**Exercise objective:**
Copy the data exactly as it appears, and do not include any pictures.

**The input:**
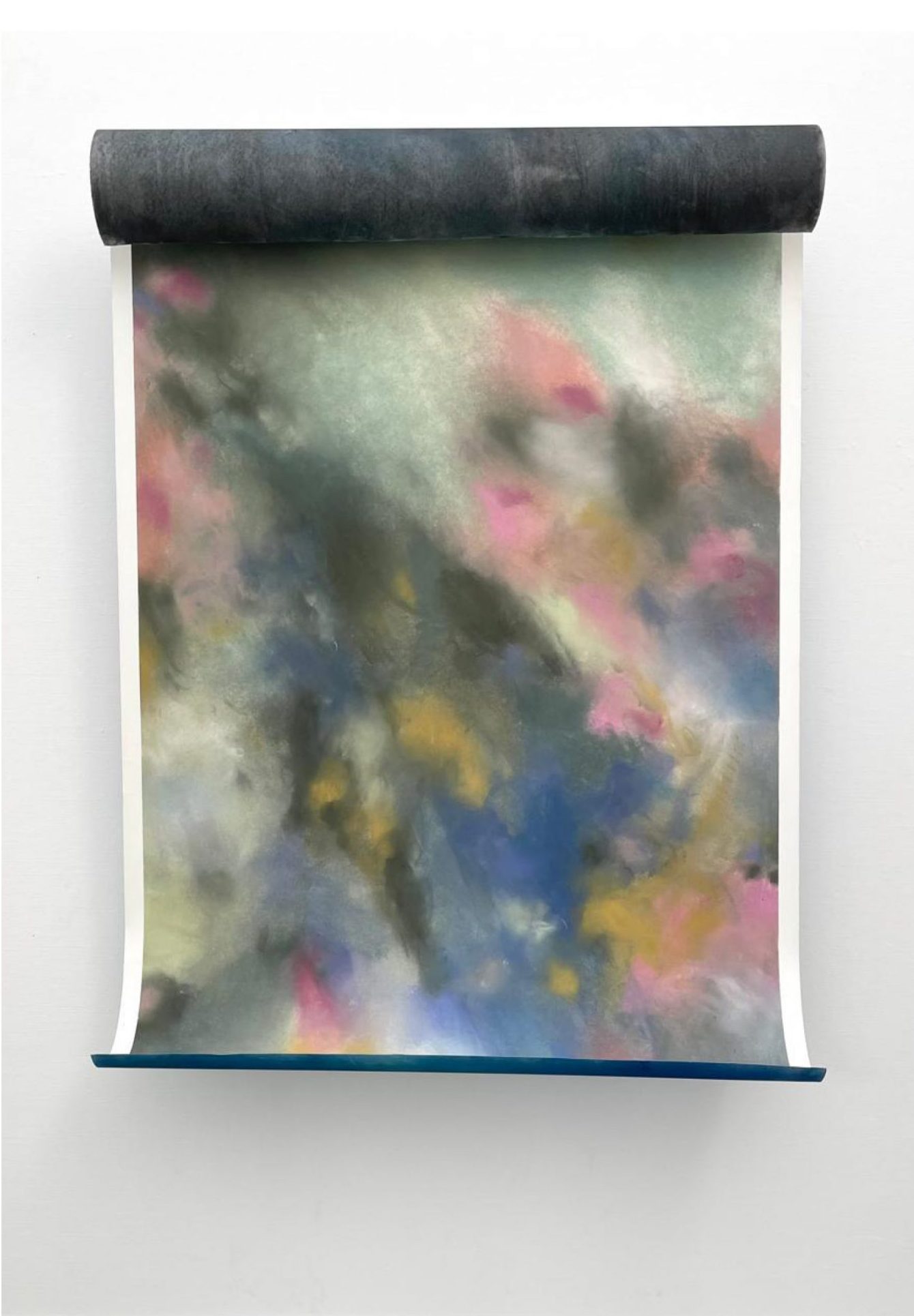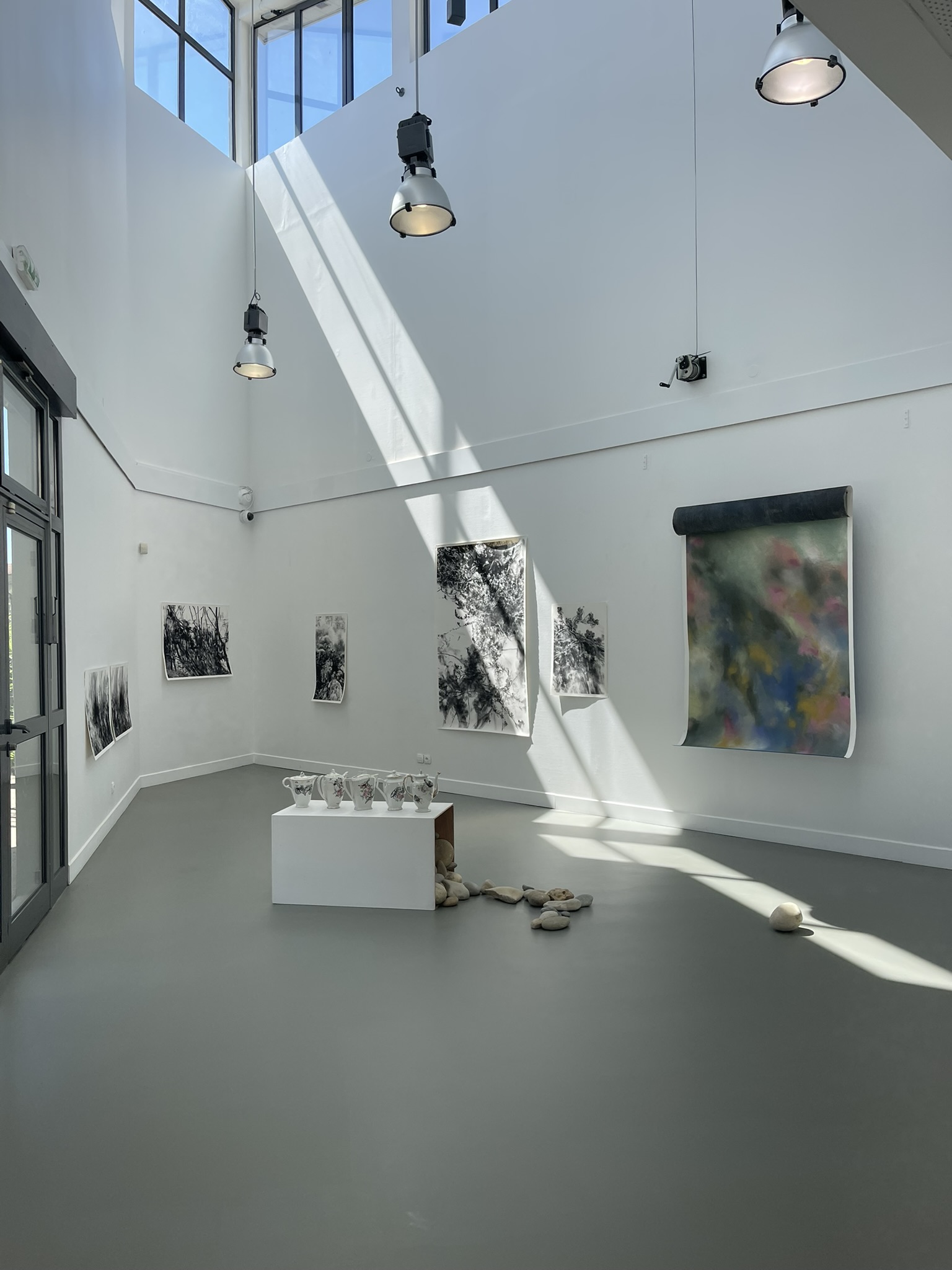 L’exposition réunit des dessins sélectionnés principalement dans 3 séries où le trait noir domine, qu’il s’agisse de fusain ou d’encre appliquée sur des objets anciens. Le pastel vient entrer en résonnance avec les images réalisées au fusain, apportant des réverbérations lumineuses et colorées, rappelant également les couleurs des motifs sur les objets en céramique. L’ensemble explore la matière du paysage et la manière dont il se révèle à travers le regard : flou ou net, fragmenté, ancré dans le réel ou glissant vers l’abstraction.
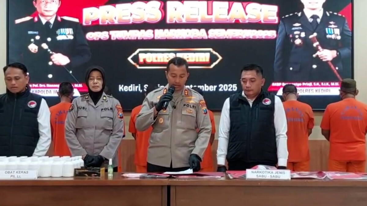 Kediri, jurnalmataraman.com – Polres Kediri berhasil membongkar sindikat peredaran narkotika dan obat keras berbahaya (okerbaya) dalam Operasi Tumpas Semeru 2025. Dalam operasi yang berlangsung selama 12 hari mulai 30 Agustus hingga 10 September 2025, sebanyak 14 kasus berhasil diungkap dengan total 16 tersangka diamankan.
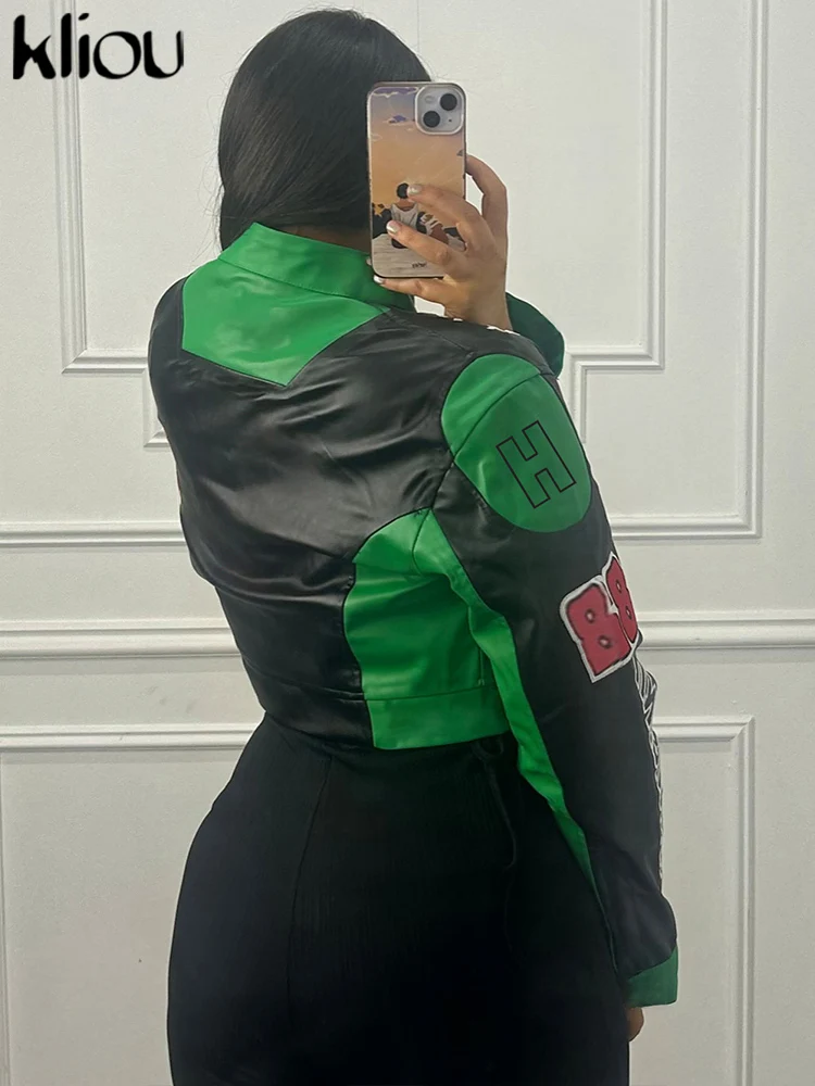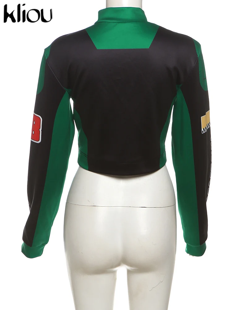 Cutenew Panelled Feather Women Coats New Letter Print Patchwork Buttons Full Sleeve Zip-up Crop Jackets Female Street Outwear
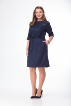 Платье без воротника, с круглым вырезом горловины, застежкой на потайную молнию в среднем шве спинки. Платье отрезное по линии талии. Верхняя часть переда с талиевыми вытачками. Спинка со средним швом, верхняя часть спинки с талиевыми вытачками. Окат рукава присборен. Платье со съемным поясом.
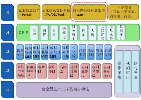 为建立经营决策系统,大力推进日清日结和阿米巴日报表核算,以“事业部大巴、生产厂中巴、以及车间小巴和班组微巴”为四级核算单元,层层分解指标,责任落实到巴组织。通过南钢的ERP、MES、EMS等系统,建立生产经营的信息采集、存储、分析、管理等系统功能,推进生产经营数据可视化及报表化。
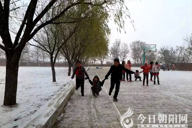 “潔白的雪花飛滿天,白雪覆蓋我的校園。漫步走在這小路上,腳印留下一串串。有的直,有的彎,有的深,有的淺......”記憶深處的校園歌曲《腳印》音猶在耳,可我已經沒有了那份在雪中狂奔的心性,只是站在窗前,看孩子們在雪中快樂地玩耍——他們圍著校園里的垂榆繞圈圈,踩雪道;他們腳跟相對成“V”字形踩“拖拉機”印兒,他們拿小搓子收,用手捧,集了雪堆雪人,給雪人戴上自己的帽子、紅領巾、讓雪人斜挎著笤帚當做樂器,有的把自己的紅橡皮當做雪人的紅鼻子,有的找兩個煤球做雪人的眼睛......在孩子的世界里,雪地上的想象是無窮無盡的。你看那邊,不是有孩子用雪地做畫紙,拿根樹枝在畫畫嗎?畫得一絲不茍,畫得手舞足蹈,畫得得意忘形。
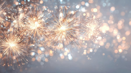 A captivating display of sparkling fireworks with a magical bokeh effect, perfect for illustrating festive events, celebrations, and joyous gatherings.
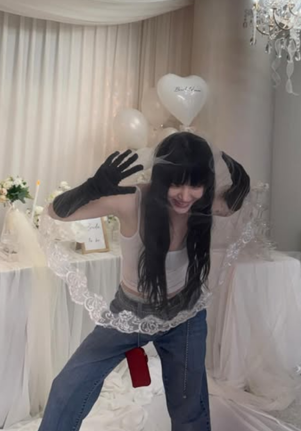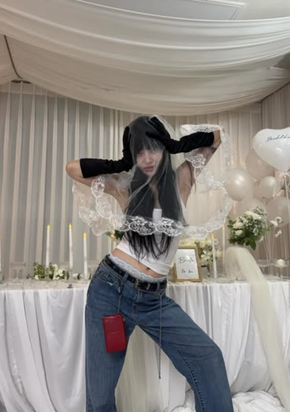공개된 사진 속 지민은 풍성한 레이스가 돋보이는 면사포를 쓰고 화려한 꽃장식으로 가득 찬 화이트톤의 파티장에서 포즈를 취하고 있다. 비록 장난으로 꾸며진 상황이었지만, 지민 특유의 '힙한' 감성이 고스란히 묻어나는 웨딩 패션이 눈길을 끌었다.
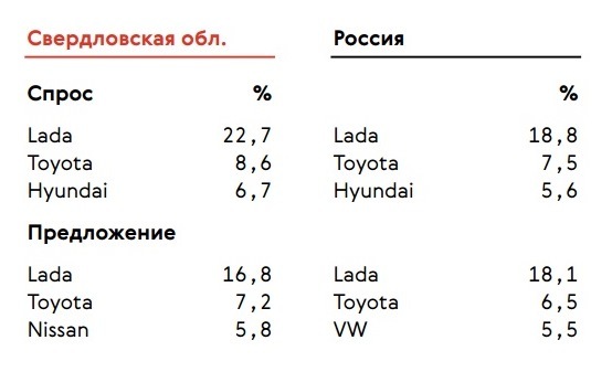 В Свердловской области ситуация похожая: Lada — лидер (22,7% и 16,8%). Это отражает общероссийскую тенденцию: рост спроса на автомобили отечественного производства и падение в предложении. Ближайший преследователь в Екатеринбурге — Toyota — проигрывает в несколько раз и по спросу (8,6%), и по предложению (7,2%). По спросу на третьем месте — Hyundai (6,7%), по предложению — Nissan (5,8%).
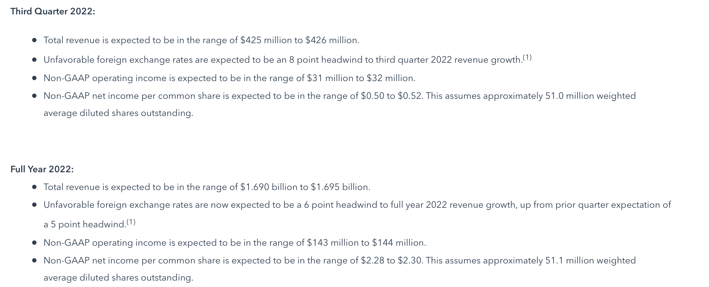 For the current fiscal year, HubSpot has lowered its revenue guidance to $1.69-$1.695 billion, representing 28% y/y growth (versus a prior view of 32-33% y/y growth), but this reduction was driven primarily by an update in unfavorable FX rates.
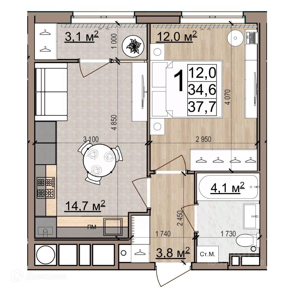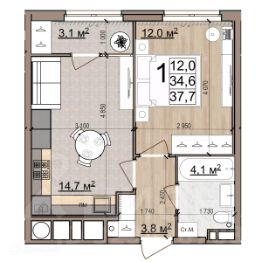 37,7 м²
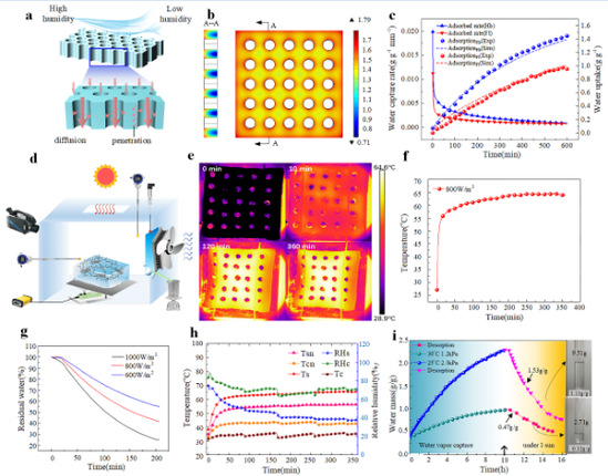 水資源在人類生產(chǎn)生活中發(fā)揮著至關(guān)重要的作用,然而由于人口增長、全球變暖和水質(zhì)惡化等問題,世界上三分之二的人口面臨淡水短缺問題。太陽能驅(qū)動的吸附式空氣取水技術(shù)可突破地域限制,利用陽光與空氣生產(chǎn)淡水,可實現(xiàn)分布式靈活供水,極具應(yīng)用推廣價值。然而由于成本、能效等諸多因素,材料研究與實際應(yīng)用之間依然存在很大的差距,多數(shù)研究成果仍止步于實驗室。針對這一困境,我校能動學(xué)院制冷低溫創(chuàng)新團(tuán)隊開發(fā)了一種高性能、可拓展的蜂窩式水凝膠基復(fù)合吸附劑,并搭建了一套高集成的空氣取水裝置,完成了從材料到熱力學(xué)優(yōu)化再到裝置的系統(tǒng)性研究。結(jié)果表明通過蜂窩優(yōu)化的PCLG吸附床結(jié)構(gòu)設(shè)計,可大幅降低水蒸氣的滲透阻力,提升床體內(nèi)的傳熱傳質(zhì)能力,為高效的空氣取水提供了理論支撐。
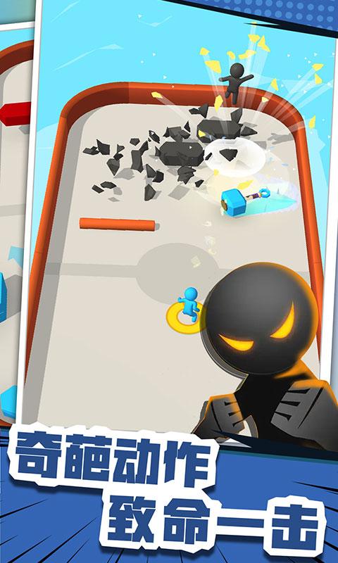 1、火柴人:全民打砖块提供趣味的乱斗过程,玩家可以不断摧毁不同的砖块对战

**Task response:**
 L’exposition réunit des dessins sélectionnés principalement dans 3 séries où le trait noir domine, qu’il s’agisse de fusain ou d’encre appliquée sur des objets anciens. Le pastel vient entrer en résonnance avec les images réalisées au fusain, apportant des réverbérations lumineuses et colorées, rappelant également les couleurs des motifs sur les objets en céramique. L’ensemble explore la matière du paysage et la manière dont il se révèle à travers le regard : flou ou net, fragmenté, ancré dans le réel ou glissant vers l’abstraction.
 Kediri, jurnalmataraman.com – Polres Kediri berhasil membongkar sindikat peredaran narkotika dan obat keras berbahaya (okerbaya) dalam Operasi Tumpas Semeru 2025. Dalam operasi yang berlangsung selama 12 hari mulai 30 Agustus hingga 10 September 2025, sebanyak 14 kasus berhasil diungkap dengan total 16 tersangka diamankan.
 Cutenew Panelled Feather Women Coats New Letter Print Patchwork Buttons Full Sleeve Zip-up Crop Jackets Female Street Outwear
 Платье без воротника, с круглым вырезом горловины, застежкой на потайную молнию в среднем шве спинки. Платье отрезное по линии талии. Верхняя часть переда с талиевыми вытачками. Спинка со средним швом, верхняя часть спинки с талиевыми вытачками. Окат рукава присборен. Платье со съемным поясом.
 为建立经营决策系统,大力推进日清日结和阿米巴日报表核算,以“事业部大巴、生产厂中巴、以及车间小巴和班组微巴”为四级核算单元,层层分解指标,责任落实到巴组织。通过南钢的ERP、MES、EMS等系统,建立生产经营的信息采集、存储、分析、管理等系统功能,推进生产经营数据可视化及报表化。
 “潔白的雪花飛滿天,白雪覆蓋我的校園。漫步走在這小路上,腳印留下一串串。有的直,有的彎,有的深,有的淺......”記憶深處的校園歌曲《腳印》音猶在耳,可我已經沒有了那份在雪中狂奔的心性,只是站在窗前,看孩子們在雪中快樂地玩耍——他們圍著校園里的垂榆繞圈圈,踩雪道;他們腳跟相對成“V”字形踩“拖拉機”印兒,他們拿小搓子收,用手捧,集了雪堆雪人,給雪人戴上自己的帽子、紅領巾、讓雪人斜挎著笤帚當做樂器,有的把自己的紅橡皮當做雪人的紅鼻子,有的找兩個煤球做雪人的眼睛......在孩子的世界里,雪地上的想象是無窮無盡的。你看那邊,不是有孩子用雪地做畫紙,拿根樹枝在畫畫嗎?畫得一絲不茍,畫得手舞足蹈,畫得得意忘形。
 A captivating display of sparkling fireworks with a magical bokeh effect, perfect for illustrating festive events, celebrations, and joyous gatherings.
공개된 사진 속 지민은 풍성한 레이스가 돋보이는 면사포를 쓰고 화려한 꽃장식으로 가득 찬 화이트톤의 파티장에서 포즈를 취하고 있다. 비록 장난으로 꾸며진 상황이었지만, 지민 특유의 '힙한' 감성이 고스란히 묻어나는 웨딩 패션이 눈길을 끌었다.
 В Свердловской области ситуация похожая: Lada — лидер (22,7% и 16,8%). Это отражает общероссийскую тенденцию: рост спроса на автомобили отечественного производства и падение в предложении. Ближайший преследователь в Екатеринбурге — Toyota — проигрывает в несколько раз и по спросу (8,6%), и по предложению (7,2%). По спросу на третьем месте — Hyundai (6,7%), по предложению — Nissan (5,8%).
 For the current fiscal year, HubSpot has lowered its revenue guidance to $1.69-$1.695 billion, representing 28% y/y growth (versus a prior view of 32-33% y/y growth), but this reduction was driven primarily by an update in unfavorable FX rates.
 37,7 м²
 水資源在人類生產(chǎn)生活中發(fā)揮著至關(guān)重要的作用,然而由于人口增長、全球變暖和水質(zhì)惡化等問題,世界上三分之二的人口面臨淡水短缺問題。太陽能驅(qū)動的吸附式空氣取水技術(shù)可突破地域限制,利用陽光與空氣生產(chǎn)淡水,可實現(xiàn)分布式靈活供水,極具應(yīng)用推廣價值。然而由于成本、能效等諸多因素,材料研究與實際應(yīng)用之間依然存在很大的差距,多數(shù)研究成果仍止步于實驗室。針對這一困境,我校能動學(xué)院制冷低溫創(chuàng)新團(tuán)隊開發(fā)了一種高性能、可拓展的蜂窩式水凝膠基復(fù)合吸附劑,并搭建了一套高集成的空氣取水裝置,完成了從材料到熱力學(xué)優(yōu)化再到裝置的系統(tǒng)性研究。結(jié)果表明通過蜂窩優(yōu)化的PCLG吸附床結(jié)構(gòu)設(shè)計,可大幅降低水蒸氣的滲透阻力,提升床體內(nèi)的傳熱傳質(zhì)能力,為高效的空氣取水提供了理論支撐。
 1、火柴人:全民打砖块提供趣味的乱斗过程,玩家可以不断摧毁不同的砖块对战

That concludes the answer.